File Descriptors & I/O¶
What is a File Descriptor¶
A file descriptor (FD) is a positive integer greather than 0 that represents an open file, socket, pipe, or any other I/O resource.
Key Point: It's just an index into the process's file descriptor table!
int fd = open("/tmp/file.txt", O_RDONLY);
// fd is typically 3 (if 0,1,2 are taken)
read(fd, buffer, size);
close(fd);
File Descriptor Tables¶
Three Levels of Tables¶
graph TD
A[Process A FD Table] -->|FD 3| B[File Table Entry 1]
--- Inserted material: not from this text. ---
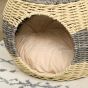 Wicker Cat House, Rattan Raised Cat Bed, Cosy Kitten Cave with Soft Washable Cushion, ?40 x 30cm
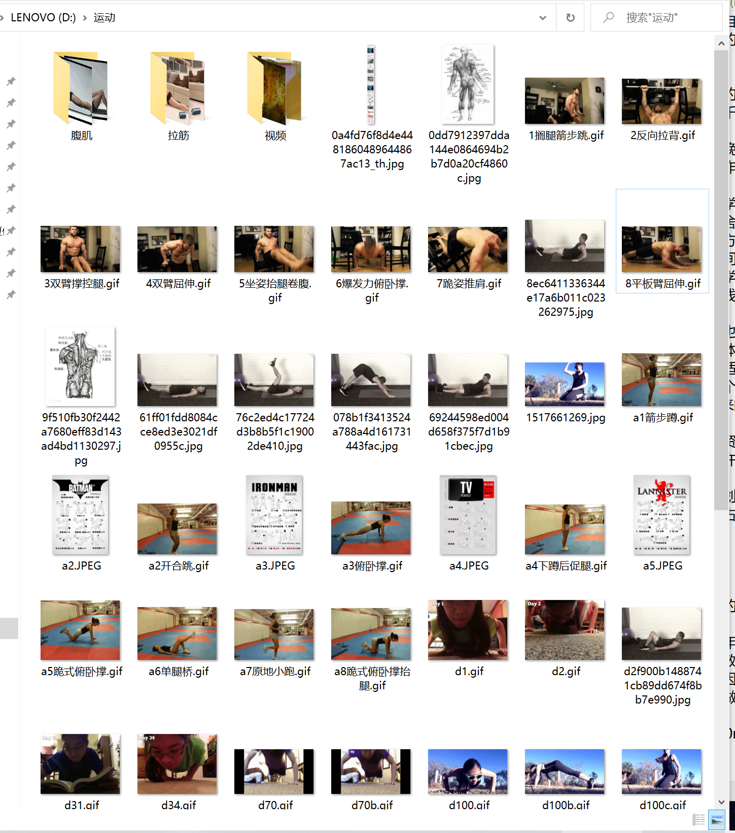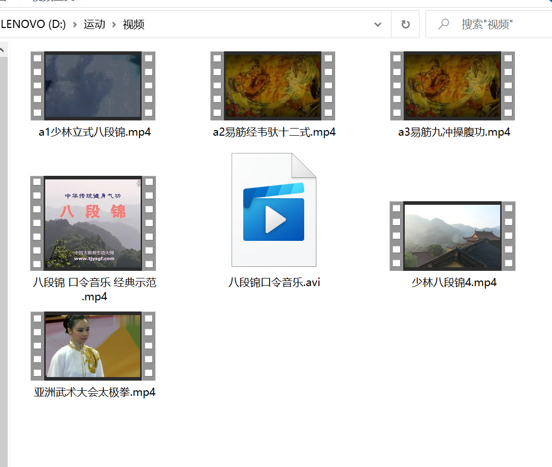 今天又翻八段锦等的视频资料(也练过一阵子,不过这个我都能忘记了),还有其他的,看了一遍,不过这类太过简单、单一,能够锻炼到的部位还是少,也许再过二十年比较适合。

A -->|FD 4| C[File Table Entry 2]
D[Process B FD Table] -->|FD 3| B
B -->|inode| E[Inode X]
C -->|inode| F[Inode Y]
1. Per-Process FD Table
- Each process has its own
- Array of pointers to file table entries
- Index is the file descriptor number
2. System-Wide File Table
- Kernel maintains one
- Tracks: file offset, access mode, reference count
- Multiple FDs can point to same entry (dup, fork)
3. Inode Table
- One per file/device
- Contains file metadata and data location
Underliying Structure of the FDT¶
graph LR
subgraph "Process: PID 1234"
direction TB
FDT[File Descriptor Table] --> FD0["fd[0]"]
FDT --> FD1["fd[1]"]
FDT --> FD2["fd[2]"]
FDT --> FD3["fd[3]"]
FDT --> FD4["fd[4]"]
FDT --> FD5["fd[5]"]
end
subgraph "Open File Objects (struct file)"
direction TB
TTY0["struct file<br/>f_path: /dev/pts/0<br/>f_pos: N/A (tty)<br/>type: character device"]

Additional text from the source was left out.